- _DATASET CONTENT_:
--------
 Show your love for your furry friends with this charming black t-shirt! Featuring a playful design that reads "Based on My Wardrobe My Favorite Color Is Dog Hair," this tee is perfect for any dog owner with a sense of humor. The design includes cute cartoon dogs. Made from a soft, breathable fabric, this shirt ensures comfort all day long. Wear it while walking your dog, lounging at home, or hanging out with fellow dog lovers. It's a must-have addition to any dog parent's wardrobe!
--------
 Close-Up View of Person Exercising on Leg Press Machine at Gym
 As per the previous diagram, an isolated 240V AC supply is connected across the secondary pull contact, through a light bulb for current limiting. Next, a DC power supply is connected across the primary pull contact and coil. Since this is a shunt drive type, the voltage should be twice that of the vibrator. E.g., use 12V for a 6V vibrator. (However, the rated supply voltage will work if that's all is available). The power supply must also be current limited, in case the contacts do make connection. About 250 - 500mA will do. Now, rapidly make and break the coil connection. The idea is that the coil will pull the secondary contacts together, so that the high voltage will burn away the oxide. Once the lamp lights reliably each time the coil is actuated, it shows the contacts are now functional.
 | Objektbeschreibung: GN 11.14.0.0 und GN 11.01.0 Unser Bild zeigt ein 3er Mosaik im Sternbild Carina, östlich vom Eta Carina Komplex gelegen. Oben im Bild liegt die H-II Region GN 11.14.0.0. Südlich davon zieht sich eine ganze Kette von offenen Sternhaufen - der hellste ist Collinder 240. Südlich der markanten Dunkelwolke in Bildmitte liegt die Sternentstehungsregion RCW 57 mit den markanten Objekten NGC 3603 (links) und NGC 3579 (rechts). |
--------
In the entries above, count the lines that contain the string "this" and reply with the number only.

- _THE COMPLETED TASK_: 2